Norway's own domestic legislation may be sufficiently large that such acts are covered. To the extent that it is drawn from international law sources, the issue will be the source.
If the Norwegian legislation follows the text of the Rome Statute, it would seem unlikely that the recent atrocities fit within the definition. Not only does article 7 of the Rome Statute require that the crimes be part of a 'widespread or systematic attack on a civilian population', the attack must be 'pursuant to a state or organizational plan or policy'.
It might be argued that Breivik was acting pursuant to the plan of some organization. That, in turn, raises the issue of the nature of the organization. Last year, a Pre-Trial Chamber of the International Criminal Court divided on this issue. The majority interpreted the concept broadly enough so that it could encompass the post-electoral violence in Kenya. In dissent, Judge Hans-Peter Kaul reviewed the historical sources and held that the 'organization' in question must be affiliated with a State or State-like entity.
If the Norwegian legislation departs from the text of the Rome Statute and has no reference to State or organizational policy, the issue will remain as to whether the State or organizational plan or policy is a requirement that is implied within the general notion of crimes against humanity. The Appeals Chamber of the International Criminal Tribunal for the former Yugoslavia has said that it is not. See Kunarac, para. 98, fn. 114.

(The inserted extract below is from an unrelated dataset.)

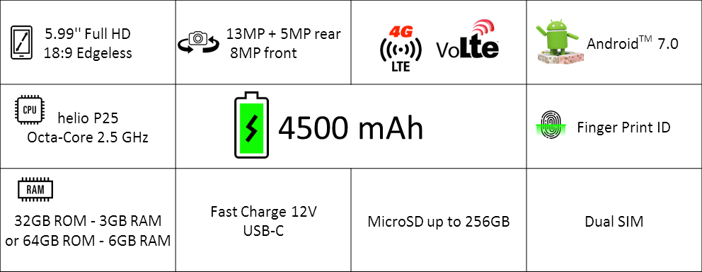 Spesifikasi Energizer Power Max P600S meliputi chipset octa-core 2.5 GHz Mediatek Helio P25, dua pilihan RAM 3GB/6GB, dan dua pilihan kapasitas memori internal 32GB/64GB.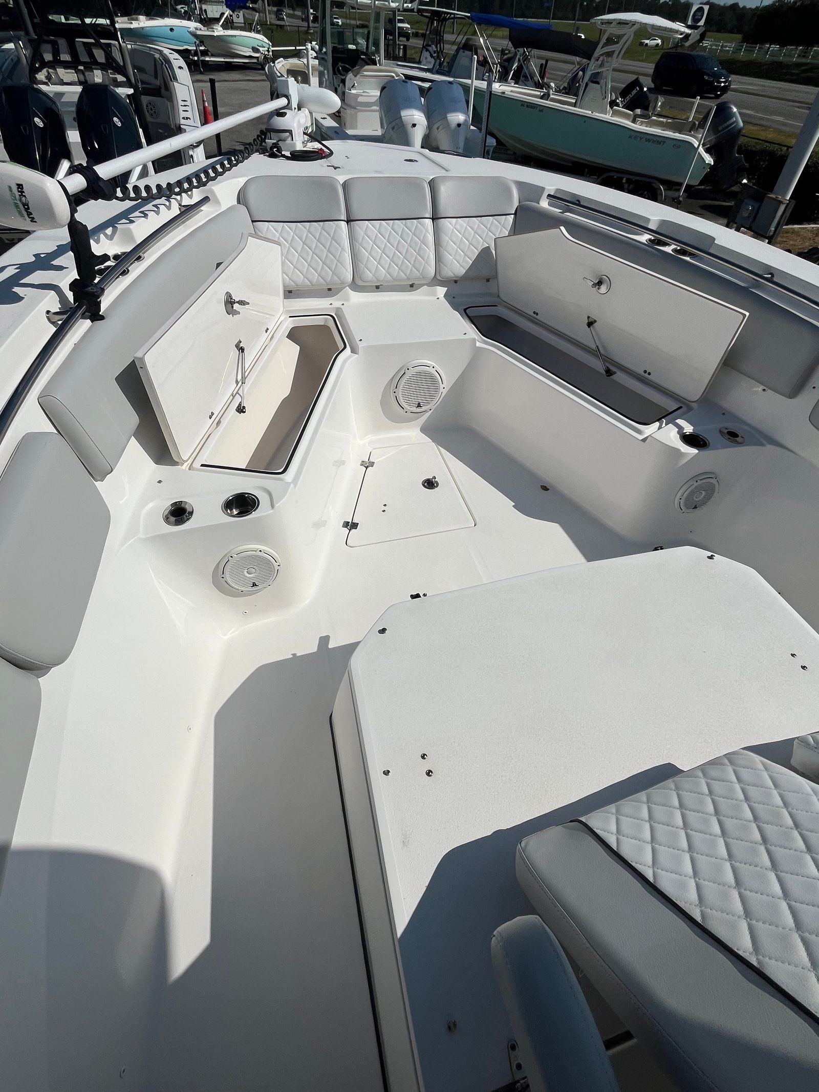 Powering the Sea Fox 328 Commander are two high-performance engines, delivering a combined 700 horsepower. This impressive setup ensures that you have all the power you need for fast cruising, smooth rides, and responsive handling in a variety of conditions. Whether you’re navigating coastal waters, heading offshore for fishing, or simply enjoying a day on the bay, the dual engines provide reliability and strength. The 700 horsepower allows for quick acceleration and efficient travel, making every outing exciting and enjoyable.

But the discussion of this issue by the Appeals Chamber in Kunarac is decidedly unsatisfactory. It lists several sources that it says support such a conclusion. But on examination, these sources do not bear out the interpretation given by the Appeals Chamber. For example there is an inaccurate reference to the International Law Commission report of 1954. The Appeals Chamber said it provided support for the exclusion of a policy component. In fact, after lengthy consideration, the Commission decided to include such an element. The Chamber also invokes an Australian precedent. But the Australian precedent does nothing more than cite an academic journal article published in 1946 that apparently explains the fallacy of a judgment issued in 1948. I don't know how that could happen.
In my opinion, the better view is that crimes against humanity under general international law should be applied in a manner consistent with the Rome Statute, rather than in the broader approach taken by the Appeals Chamber of the International Criminal Tribunal for the former Yugoslavia. In other words, unless the Norwegian legislation expressly rejects the policy element, which seems unlikely, then Norway's judges should read this into the definition.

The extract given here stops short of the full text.